Andrew:  I grew up in a small, small town where everyone knew everyone else’s business.  People are born there, they marry locally and they die there.  I knew deep down inside that was not the life for me so I applied to spend my junior year living abroad as an exchange student.  I was selected to go to exotic Brazil — but not for my junior year.  I would have to forego my senior year.  I weighed carefully the experiences I would miss — homecoming, senior class trip to Florida, prom, running track — against the possibility this opportunity to escape and see the world might never come again.  So I grabbed my passport and took off for South America.  Without a doubt, I made the best friendships ever and enjoyed a life-changing year.

Why did you decide to aim this book at a Young Adult audience?

We have always written for the young adult audience with our TV writing on The CW, NBC and The WB.  That’s the time when we are all so vulnerable and unsure, but also so full of possibility.  We find it much more exciting to write for characters whose lives can go anywhere than for adults who have already decided who they are and are settled.  Even in film school when everyone else wanted to direct the next big action movie, we wanted to write “Party of Five” and “My So Called Life.”

Who influenced you to become a writer?

A:  I had been working on Capitol Hill for a U.S. Senator when I enrolled in a class at Georgetown University.  I knew I had a more creative side to explore, but I didn’t know precisely what I wanted to do.  My first screenwriting professor, Jon Eig, encouraged me to write my first script, which got me into USC Film School where I met Julia.

J:  I had a tough childhood so I didn’t really have a choice.  It was write or collapse under my pain.  Writing saved me.

What was one of the most surprising things you discovered about writing this book, maybe about yourself, the process, or the characters?

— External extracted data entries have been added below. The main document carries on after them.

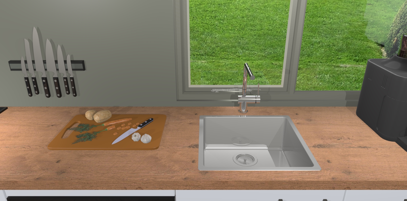- De spoelbak is nog niet in gevreesd. Dit dient tijdens het werk gedaan te worden
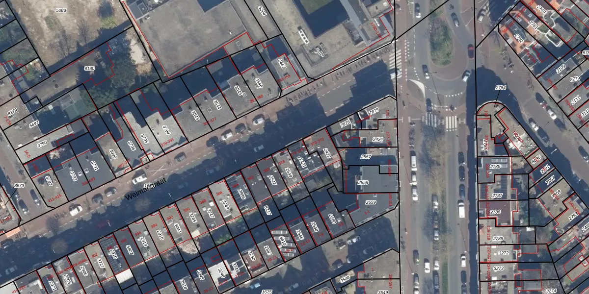 Weimarstraat 376 is gelegen op kadastraal perceel GVH29AM2421. Deze kadastrale aanduiding is uniek en wordt gebruikt door het Kadaster om eigendomsrechten en andere zakelijke rechten vast te leggen. Het perceel maakt onderdeel uit van de kadastrale gemeente 's-Gravenhage.
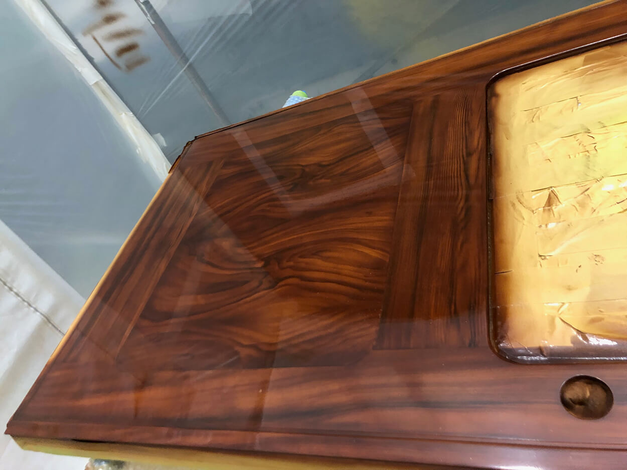 Brand new in 2019, Lisa G received a full faux teak application to her transom, toe rail, salon door and helm pod as well as new name in 2019 at the Viking Yacht plant in New Gretna, New Jersey. This is the second Lisa G Everett Nautical has painted.
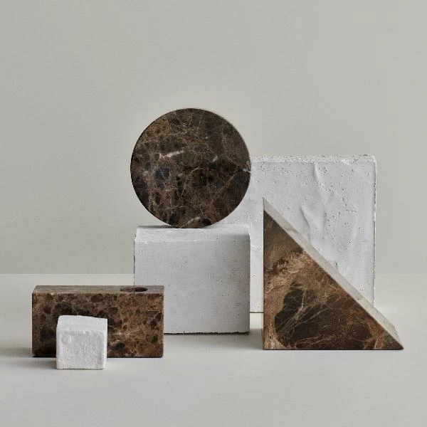 Marvelous Marble – The blomus PESA marble collection is available in both a black marble with stretched light grey veins and a warm brown with a slightly darker pattern. The PESA line includes a storage box, bookends, table mirror, decorative round trays and a rectangular serving tray.Â
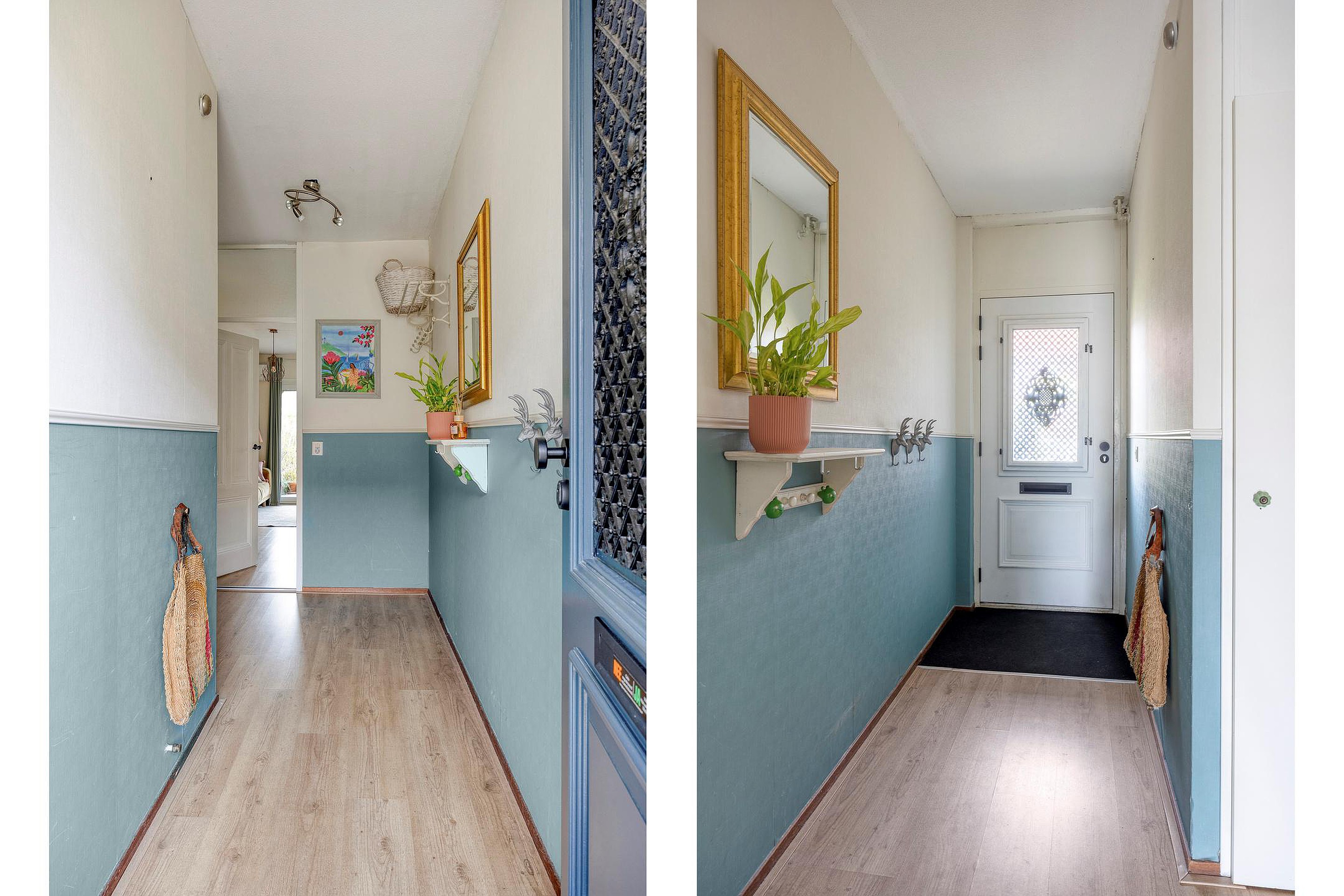 Entree/hal, met droogloopmat en toegang tot de woonkamer, toilet, meterkast en trapopgang naar de eerste verdieping.
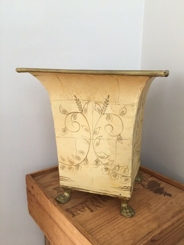 10â€Hand Painted Tole Wastebasket Bin Container & Urn Planter
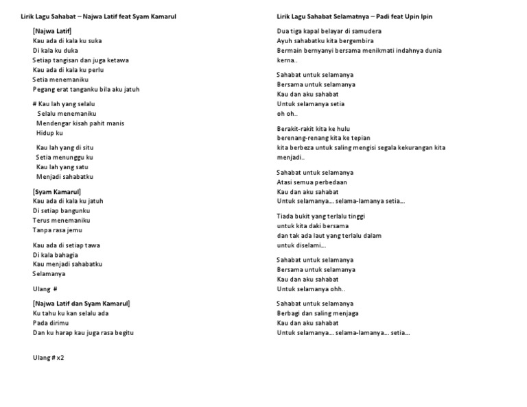 Lirik Lagu Sahabat Selamanya Padi Upin Ipin Pdf
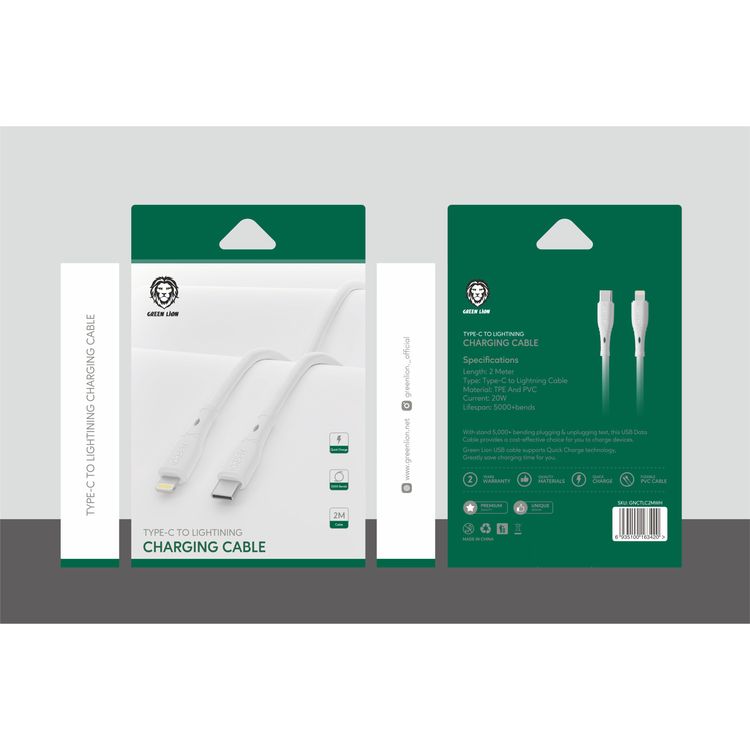 Green Lion 20W Type-C To Lightning Charging Cable (1.2m) - White - 12 cm
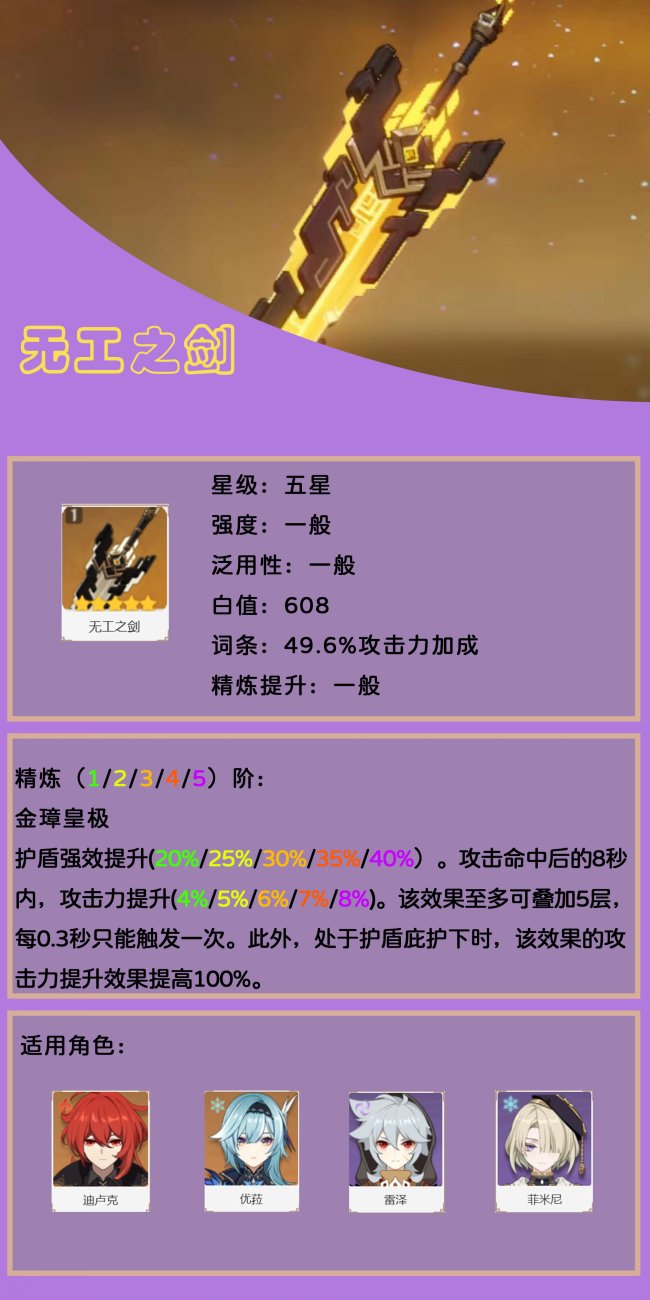 这把武器外观设计不错,不知道为什么感觉有点丑。且由于大剑角色普遍不带盾,因此这把武器带来的提升就不如狼末了。况且狼末还不是限定武器,且有一定的辅助队友的能力。无工之剑的拉胯让很多人戏称其为蜈蚣大剑。

A:  When I was in ninth grade, I lost my older brother to suicide right before Thanksgiving.  The holidays were terrible that year.  Everyone came together as a family, but no one was in the mood to celebrate.  Over time, I grieved and eventually moved on with my life, but when I had to write about having lost a family member who was taken too soon, I was floored by how many emotions surrounding his death resurfaced again and by the realization I guess I’m not totally over his death.

What do you think Sasha and Will would think of you?  If you were 15 again, would you all be friends?

J:  I would definitely be friends with Sasha.  I would have loved to have a friend like Sasha who could understand me and really listen, and push me out of my shell.  Andrew and Will would know each other, Will is everyone’s bud, but he doesn’t have any real friends, not until Sasha shows him how.  Plus, Will would probably think we weren’t cool enough for him.  At least the Will in the beginning of Bold.

What’s one thing you hope readers take away from your book?

All of us always imagine everyone else is judging us, but what if instead we could imagine everyone else is rooting for us?  What would we do differently?  What chances would we take?  Our dream is that a shy kid somewhere will read this and realize they are not alone and try to open themselves up more to life.  In the long run, people don’t regret embarrassing things they’ve done, they only regret what they were too scared to do.

 

Book Information

Sasha, a shy, 15-year-old girl who hides from the world, almost dies in a car crash and vows that if she survives, she will be bold and live life to the fullest. Her newfound courage is tested when she meets Will, who just moved to her Air Force desert town after his journalist father’s disappearance. Will is fascinated by Sasha’s brush with and secret knowledge of death.

Sasha and Will push each other to take chances and break out of their sheltered suburban world. But will they discover there is a difference between being bold and being stupid before they put themselves, or someone else, in danger?